About this task = Among the records that follow, find each line holding the word "alta" and copy it.
=== Begin Enclosure ===
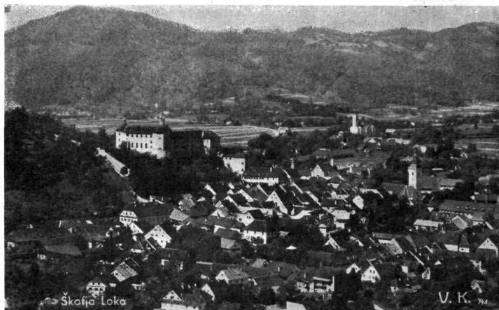
Pogled na spomeniškovarstveno zaščiteni jedri Skofje Loke in Stare Loke s Križno goro v ozadju. (Fototeka Loškega muzeja.)

jugoslovanskih znamenitosti za ogled turistom, ki prihajajo čez mejo. Celje poudarja svoj Stari grad in Grofijo, Ptuj razkazuje rimske starine in grajsko kulturo, Ajdovščina opozarja na stare utrdbe. Pri Lukovici obujajo spomine na rokovnjače, v Litiji prirejajo pustni festival, v Ljubnem flosarski, v Bohinju kravji, na Jezerskem ovčji bal itd. Ribnica ima vsako leto svoj festival s kulturnoprosvetnim in športnim programom, vsako peto leto pa s posebno razstavo pokaže napredek svojega gospodarstva. Skoro ni pomembnega kraja v Sloveniji, kjer bi ne bilo opaziti prizadevanj za ohr-
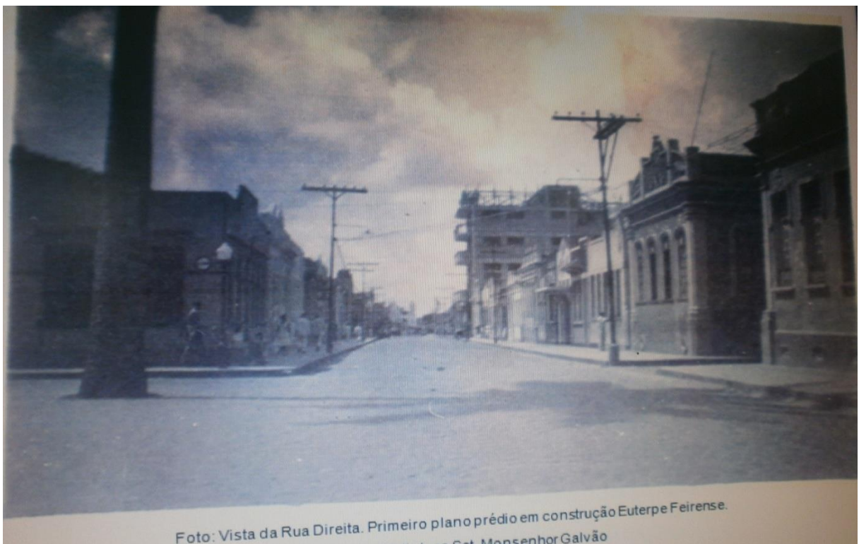
Imagem 02- Foto de autoria e ano desconhecidos, fonte: Centro de Estudos Feirenses (UEFS).

Nessa imagem não há a presença de pessoas da alta sociedade, por conta do mesmo estar inacabado, não se sabe a autoria, nem a da foto para se tentar traçar o perfil do fotógrafo. No entanto especula-se que essa fotografia foi feita, para mostrar as grandes construções, que constituíam como elementos da modernidade.
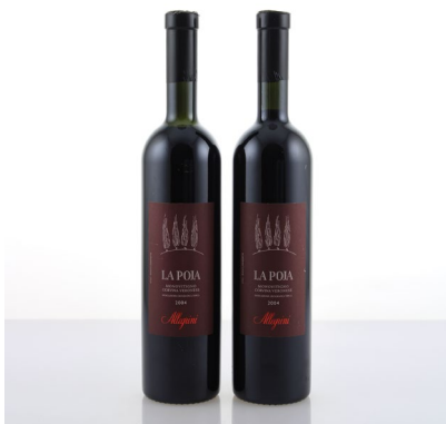
44 (38456) ALLEGRINI, LA POJA 2004 Veneto 1 bt, spalla alta 1 bt, collo € 80/100
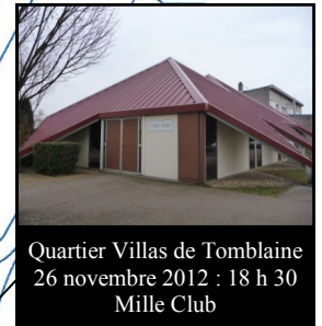
Quartier Villas de Tomblaine 26 novembre 2012 : 18 h 30 Mille Club
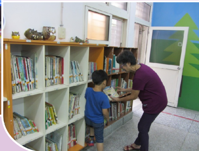
圖書志工協助新生借閱圖書
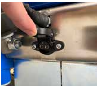
Zusätzliche Steckdose (48V)
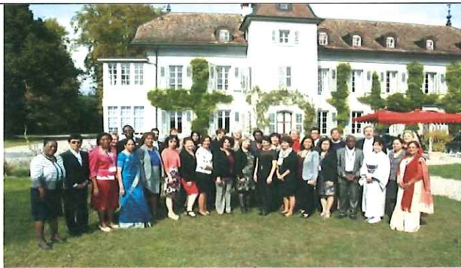
圖三 GNLI 結訓合照
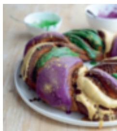
S. 170: King Cake
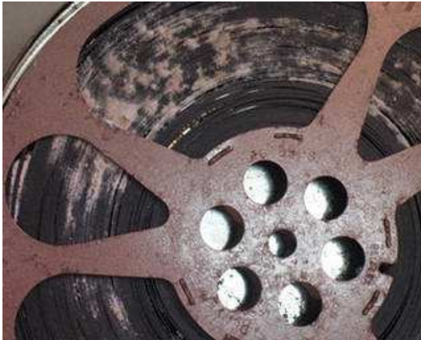
Slika 9. Plijesan na filmskoj vrpci
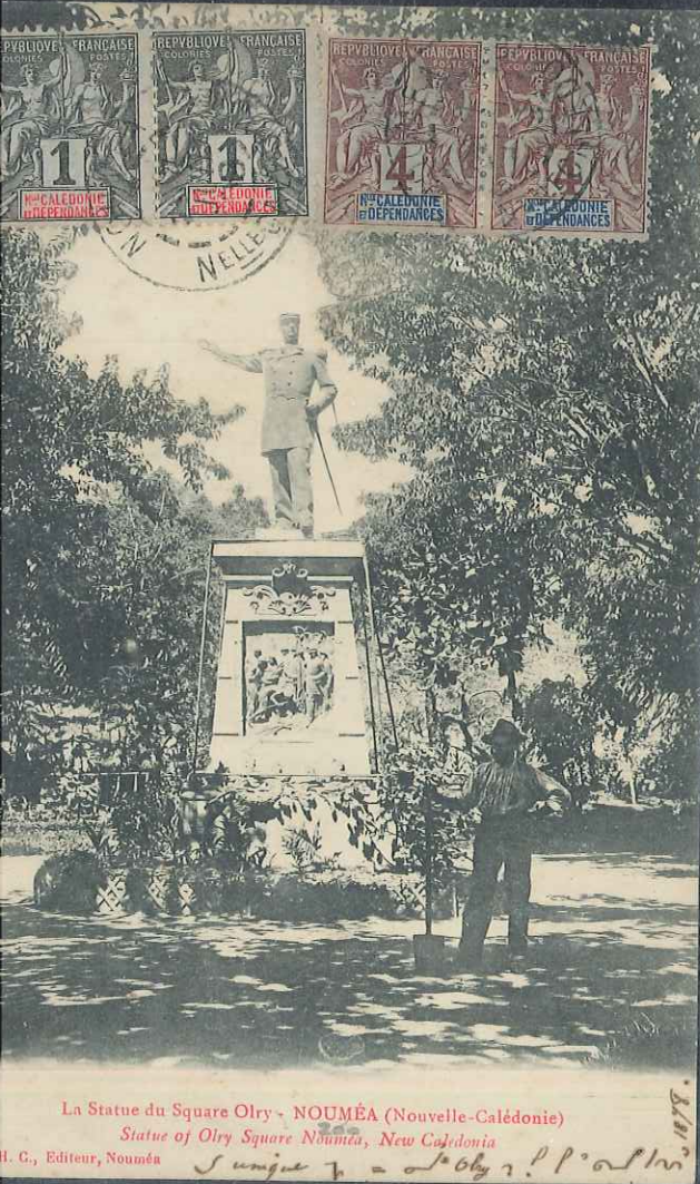
La Statue du Square Olry - NOUMÉA (Nouvelle-Calédonie) Statue of Olry Square Nouméa, New Caledonia
=== End Enclosure ===
Problem solution =
Nessa imagem não há a presença de pessoas da alta sociedade, por conta do mesmo estar inacabado, não se sabe a autoria, nem a da foto para se tentar traçar o perfil do fotógrafo. No entanto especula-se que essa fotografia foi feita, para mostrar as grandes construções, que constituíam como elementos da modernidade.
44 (38456) ALLEGRINI, LA POJA 2004 Veneto 1 bt, spalla alta 1 bt, collo € 80/100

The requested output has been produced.